===== Data shown

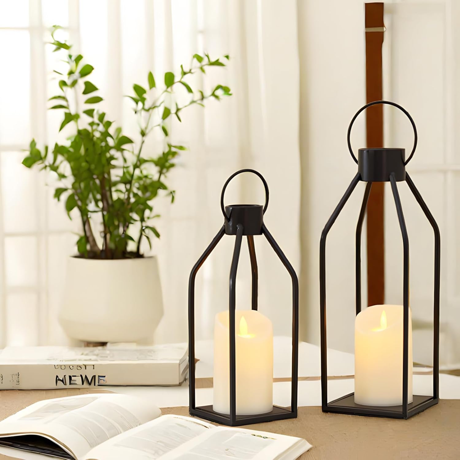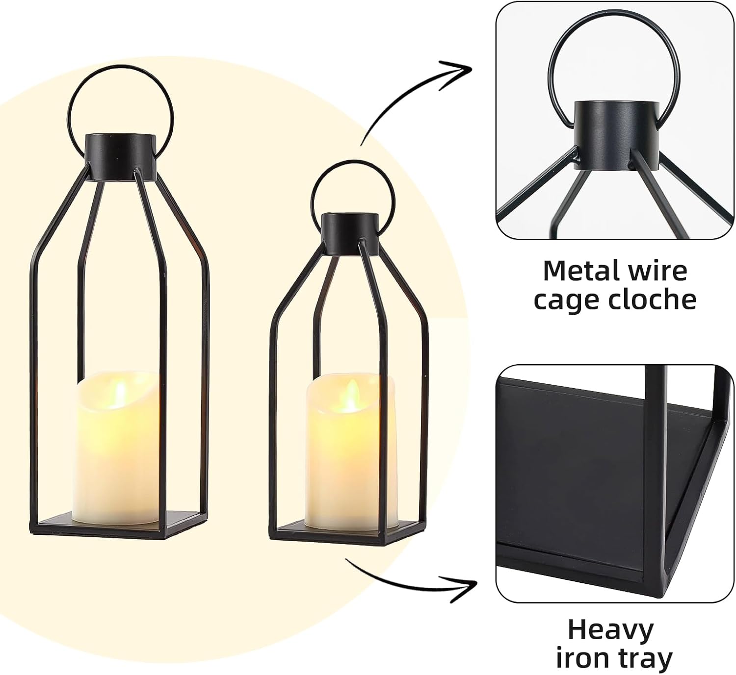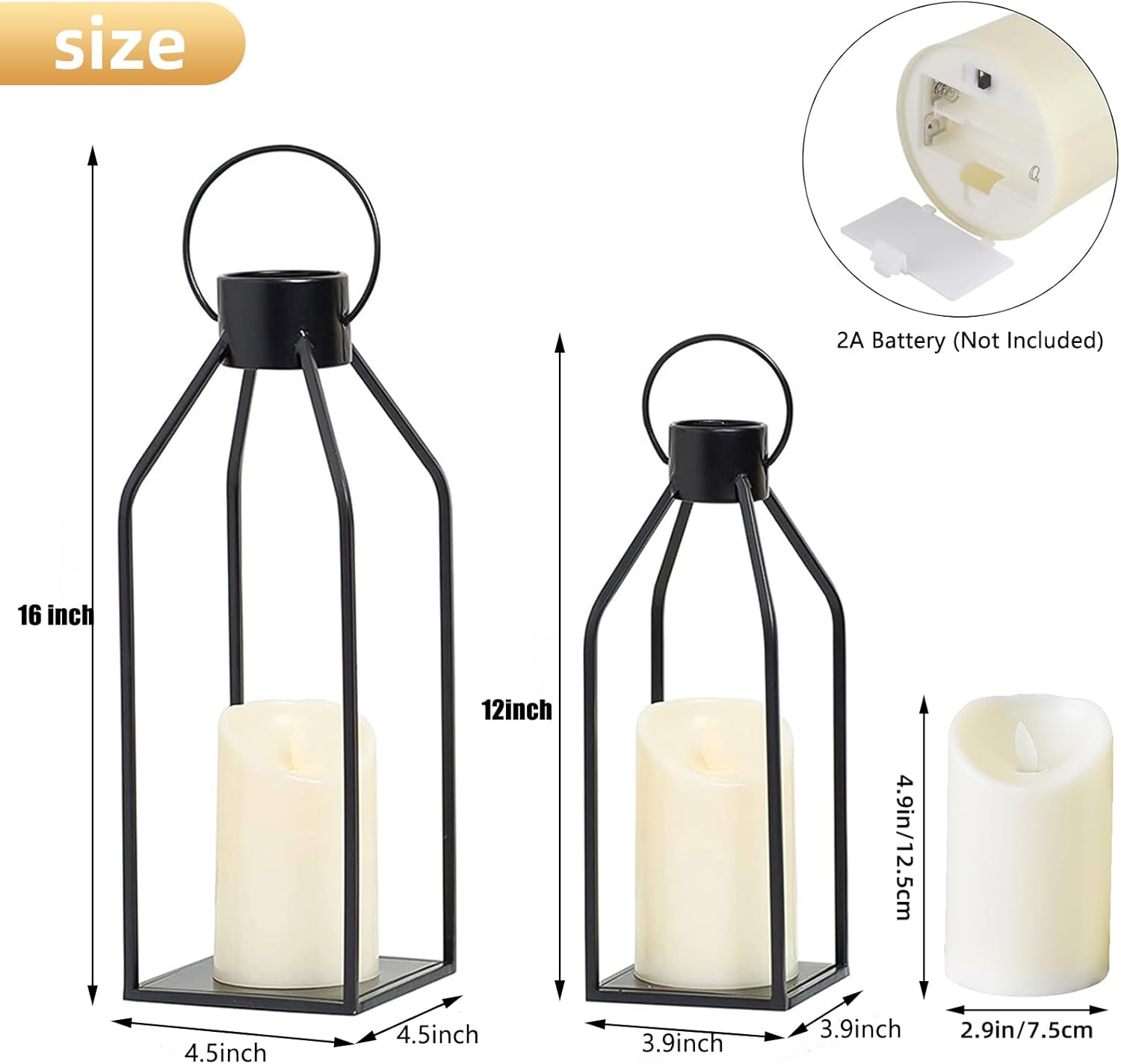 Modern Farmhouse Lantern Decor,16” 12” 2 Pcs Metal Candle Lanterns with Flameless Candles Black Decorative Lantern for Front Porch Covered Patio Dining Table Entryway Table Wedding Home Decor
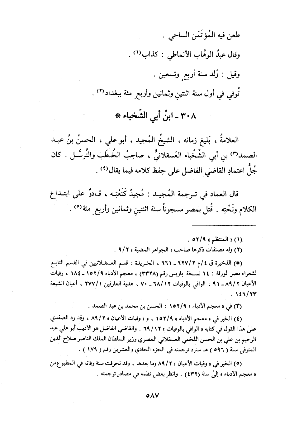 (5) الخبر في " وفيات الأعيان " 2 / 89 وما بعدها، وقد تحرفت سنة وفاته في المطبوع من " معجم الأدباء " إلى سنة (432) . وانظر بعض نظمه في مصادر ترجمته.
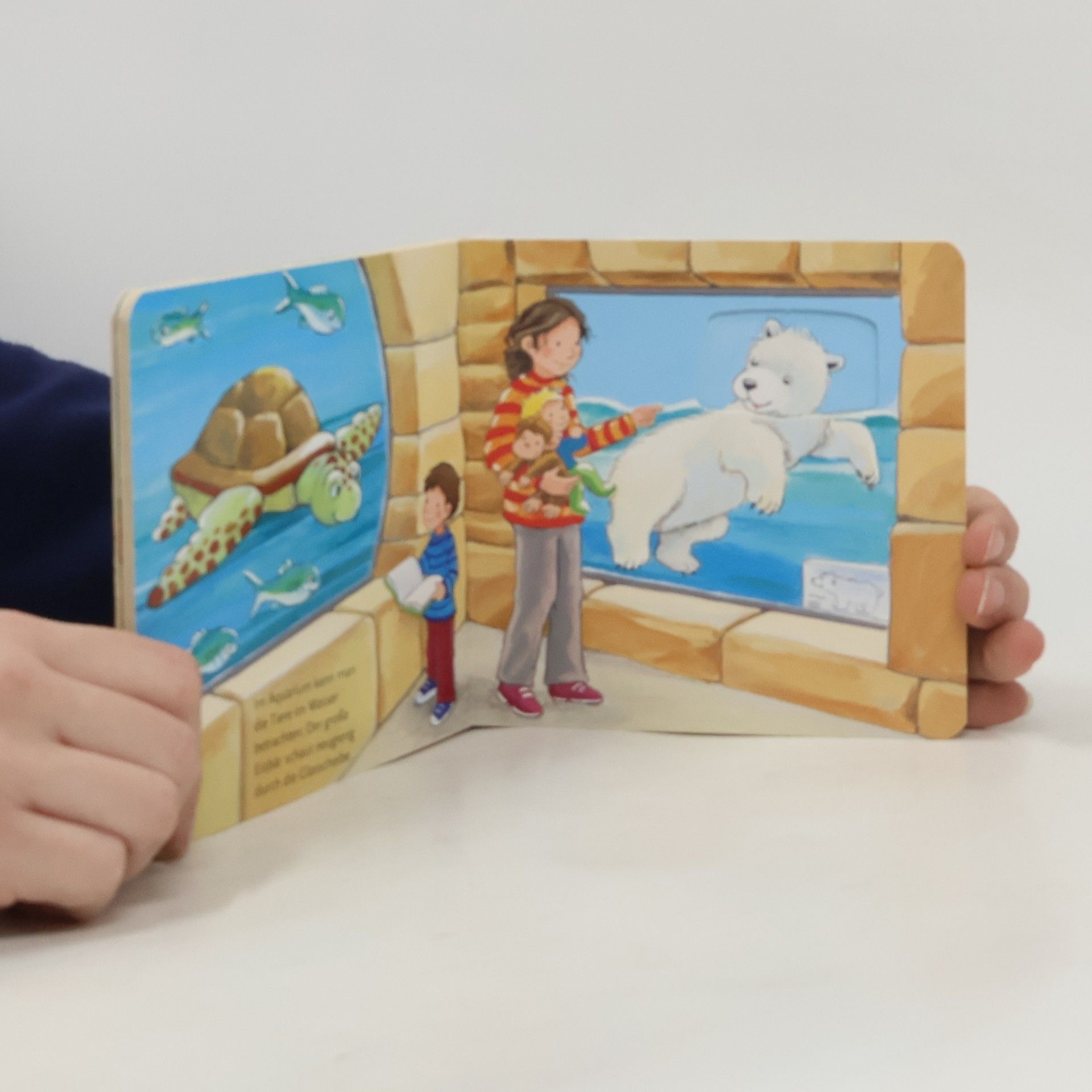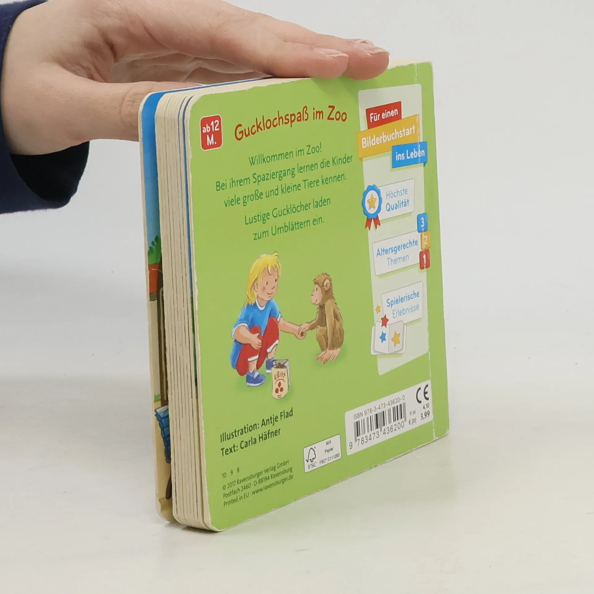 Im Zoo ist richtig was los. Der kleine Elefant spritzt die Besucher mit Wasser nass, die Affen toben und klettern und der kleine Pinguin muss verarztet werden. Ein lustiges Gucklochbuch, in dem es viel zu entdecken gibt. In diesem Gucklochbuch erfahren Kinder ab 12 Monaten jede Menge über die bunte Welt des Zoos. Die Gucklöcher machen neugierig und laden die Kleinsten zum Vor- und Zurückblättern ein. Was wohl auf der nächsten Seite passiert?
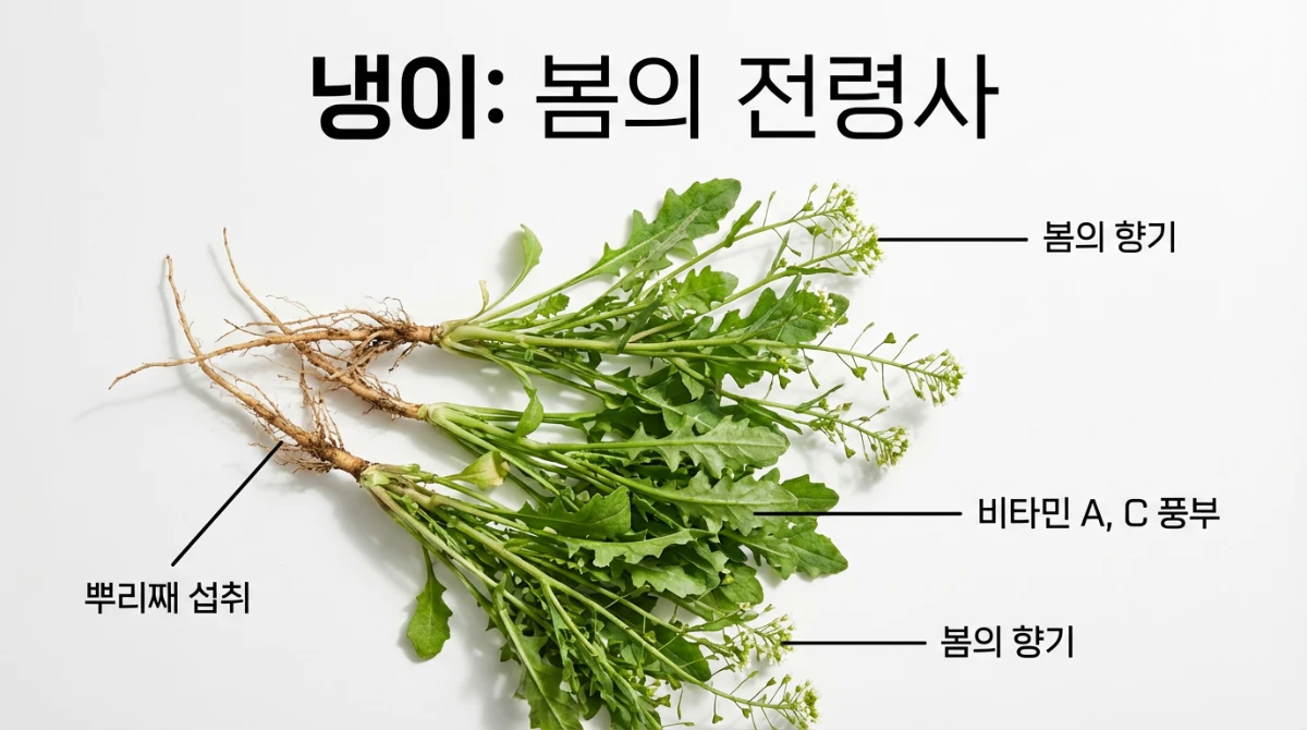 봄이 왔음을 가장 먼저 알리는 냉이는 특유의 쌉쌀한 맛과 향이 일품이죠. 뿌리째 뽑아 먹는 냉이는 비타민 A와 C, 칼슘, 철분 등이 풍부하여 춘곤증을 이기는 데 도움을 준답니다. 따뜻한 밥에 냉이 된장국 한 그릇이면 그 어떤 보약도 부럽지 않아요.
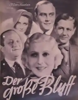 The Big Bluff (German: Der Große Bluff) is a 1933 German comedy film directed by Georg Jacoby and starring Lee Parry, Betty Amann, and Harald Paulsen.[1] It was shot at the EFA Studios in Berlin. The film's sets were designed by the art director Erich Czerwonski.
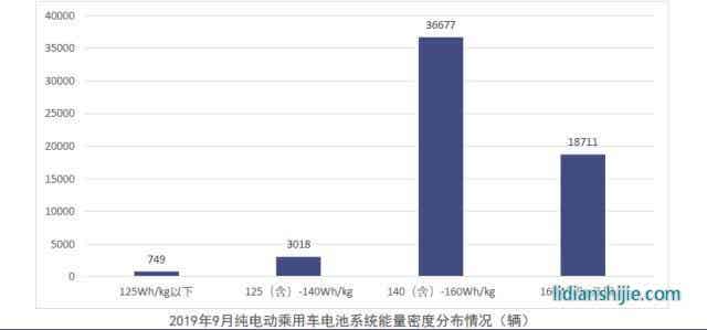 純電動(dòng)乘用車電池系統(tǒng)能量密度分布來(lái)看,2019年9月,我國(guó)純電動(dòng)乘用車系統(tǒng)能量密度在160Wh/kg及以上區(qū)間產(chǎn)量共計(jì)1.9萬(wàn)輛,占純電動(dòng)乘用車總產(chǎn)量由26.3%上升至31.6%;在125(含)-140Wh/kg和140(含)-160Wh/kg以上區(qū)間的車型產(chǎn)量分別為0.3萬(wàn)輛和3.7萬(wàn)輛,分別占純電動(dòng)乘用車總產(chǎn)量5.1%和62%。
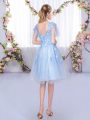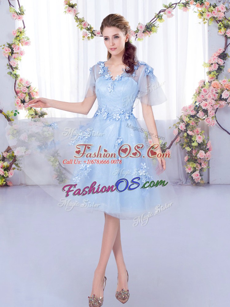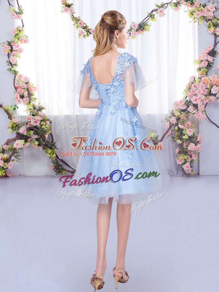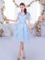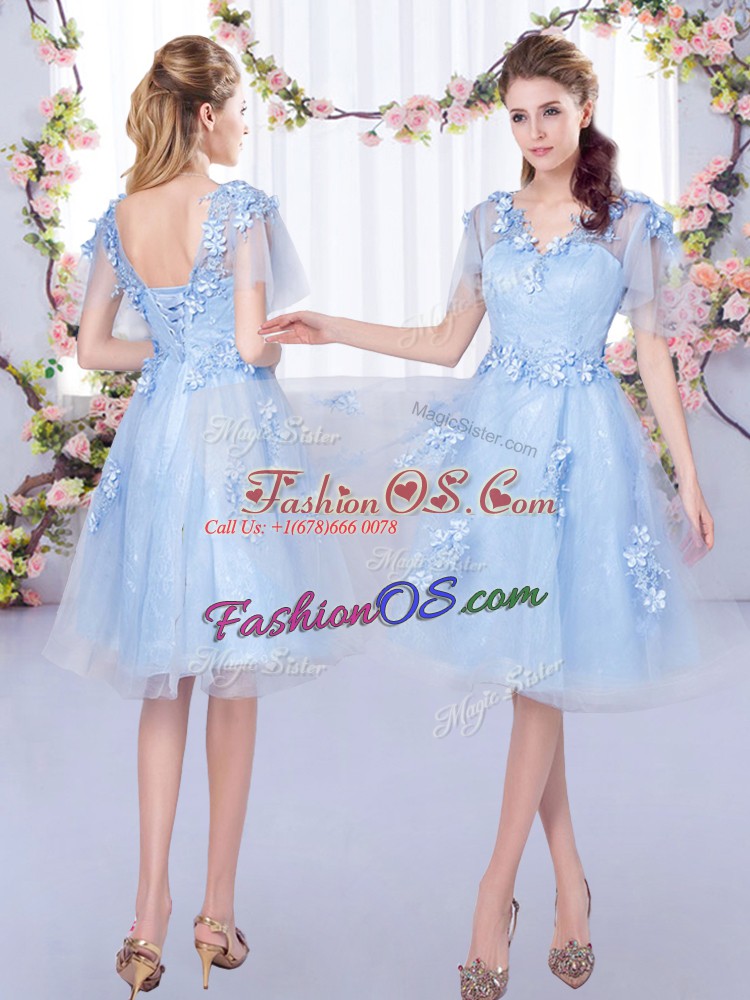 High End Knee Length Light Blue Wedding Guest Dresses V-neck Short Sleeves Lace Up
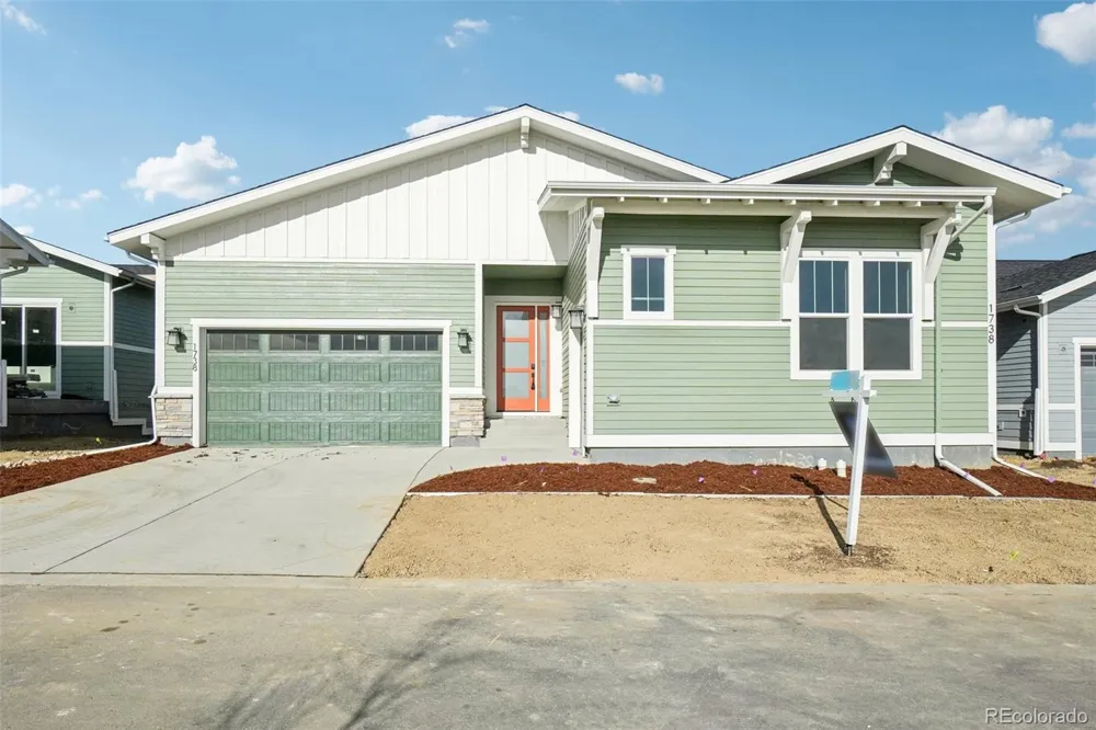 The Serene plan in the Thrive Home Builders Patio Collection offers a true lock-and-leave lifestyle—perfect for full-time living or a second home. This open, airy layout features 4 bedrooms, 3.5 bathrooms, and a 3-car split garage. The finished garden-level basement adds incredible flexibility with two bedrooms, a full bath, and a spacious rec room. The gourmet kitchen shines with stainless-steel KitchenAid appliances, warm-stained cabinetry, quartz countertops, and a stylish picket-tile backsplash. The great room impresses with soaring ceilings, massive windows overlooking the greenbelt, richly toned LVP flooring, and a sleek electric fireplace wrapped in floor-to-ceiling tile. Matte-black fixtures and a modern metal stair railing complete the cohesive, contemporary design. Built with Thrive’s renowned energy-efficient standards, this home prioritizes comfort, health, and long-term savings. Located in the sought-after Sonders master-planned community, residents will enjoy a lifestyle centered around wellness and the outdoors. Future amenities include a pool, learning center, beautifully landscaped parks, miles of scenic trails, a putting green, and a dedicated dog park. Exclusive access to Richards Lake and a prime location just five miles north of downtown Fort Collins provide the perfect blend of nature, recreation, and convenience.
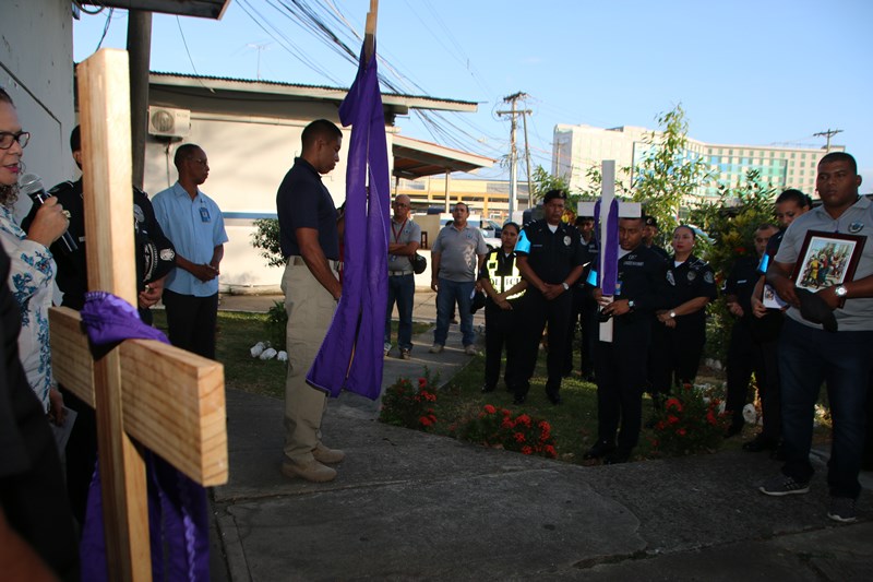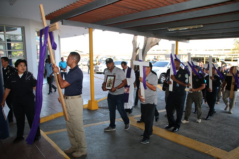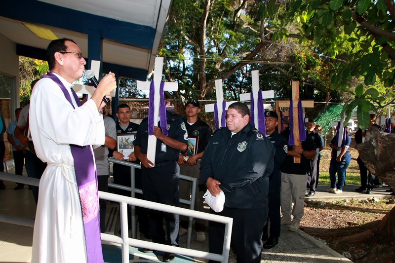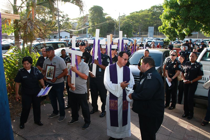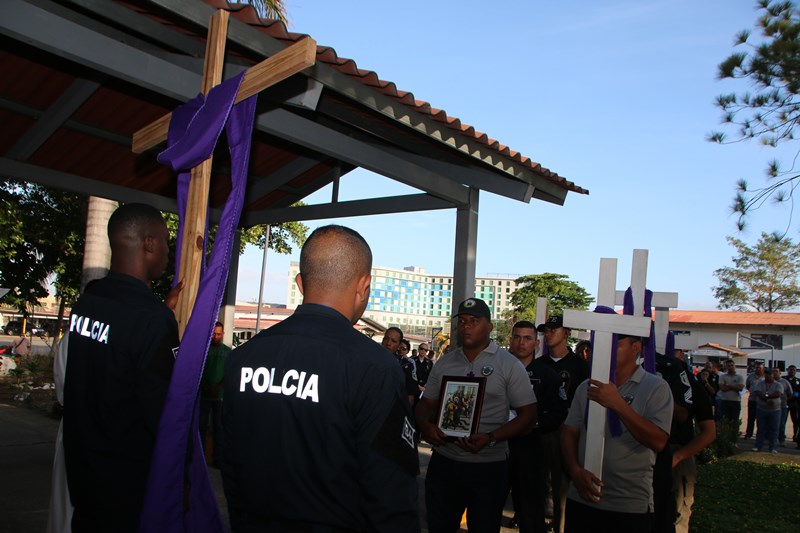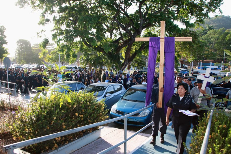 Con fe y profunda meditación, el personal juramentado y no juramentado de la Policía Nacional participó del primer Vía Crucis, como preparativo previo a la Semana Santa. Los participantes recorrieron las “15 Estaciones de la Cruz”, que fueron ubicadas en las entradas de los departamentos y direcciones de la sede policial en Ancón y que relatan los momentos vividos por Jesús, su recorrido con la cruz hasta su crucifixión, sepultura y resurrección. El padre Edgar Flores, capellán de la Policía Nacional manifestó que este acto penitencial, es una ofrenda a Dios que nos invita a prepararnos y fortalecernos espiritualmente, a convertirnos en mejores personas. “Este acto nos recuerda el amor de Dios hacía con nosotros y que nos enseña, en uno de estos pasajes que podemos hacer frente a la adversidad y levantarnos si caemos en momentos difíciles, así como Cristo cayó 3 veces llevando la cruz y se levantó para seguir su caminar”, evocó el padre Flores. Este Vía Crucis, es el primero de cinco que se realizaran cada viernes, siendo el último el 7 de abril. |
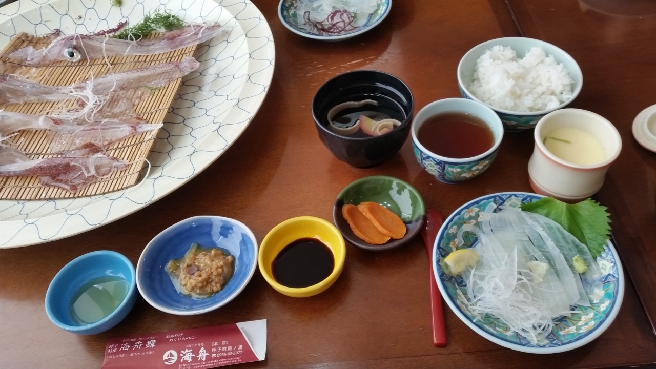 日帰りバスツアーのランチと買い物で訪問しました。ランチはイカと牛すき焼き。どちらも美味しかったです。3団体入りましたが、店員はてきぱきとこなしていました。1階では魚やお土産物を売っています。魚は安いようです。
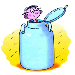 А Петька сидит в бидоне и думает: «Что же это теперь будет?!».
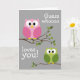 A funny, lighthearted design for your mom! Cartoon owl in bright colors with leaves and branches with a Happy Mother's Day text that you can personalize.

==========

* Work to be completed *
An exact copy is needed of the stretch above that opens with the line containing "(5) الخبر في" and closes with the line containing "High End Knee"; the pictures are not part of it.

* Completed task *
 (5) الخبر في " وفيات الأعيان " 2 / 89 وما بعدها، وقد تحرفت سنة وفاته في المطبوع من " معجم الأدباء " إلى سنة (432) . وانظر بعض نظمه في مصادر ترجمته.
 Im Zoo ist richtig was los. Der kleine Elefant spritzt die Besucher mit Wasser nass, die Affen toben und klettern und der kleine Pinguin muss verarztet werden. Ein lustiges Gucklochbuch, in dem es viel zu entdecken gibt. In diesem Gucklochbuch erfahren Kinder ab 12 Monaten jede Menge über die bunte Welt des Zoos. Die Gucklöcher machen neugierig und laden die Kleinsten zum Vor- und Zurückblättern ein. Was wohl auf der nächsten Seite passiert?
 봄이 왔음을 가장 먼저 알리는 냉이는 특유의 쌉쌀한 맛과 향이 일품이죠. 뿌리째 뽑아 먹는 냉이는 비타민 A와 C, 칼슘, 철분 등이 풍부하여 춘곤증을 이기는 데 도움을 준답니다. 따뜻한 밥에 냉이 된장국 한 그릇이면 그 어떤 보약도 부럽지 않아요.
 The Big Bluff (German: Der Große Bluff) is a 1933 German comedy film directed by Georg Jacoby and starring Lee Parry, Betty Amann, and Harald Paulsen.[1] It was shot at the EFA Studios in Berlin. The film's sets were designed by the art director Erich Czerwonski.
 純電動(dòng)乘用車電池系統(tǒng)能量密度分布來(lái)看,2019年9月,我國(guó)純電動(dòng)乘用車系統(tǒng)能量密度在160Wh/kg及以上區(qū)間產(chǎn)量共計(jì)1.9萬(wàn)輛,占純電動(dòng)乘用車總產(chǎn)量由26.3%上升至31.6%;在125(含)-140Wh/kg和140(含)-160Wh/kg以上區(qū)間的車型產(chǎn)量分別為0.3萬(wàn)輛和3.7萬(wàn)輛,分別占純電動(dòng)乘用車總產(chǎn)量5.1%和62%。
 High End Knee Length Light Blue Wedding Guest Dresses V-neck Short Sleeves Lace Up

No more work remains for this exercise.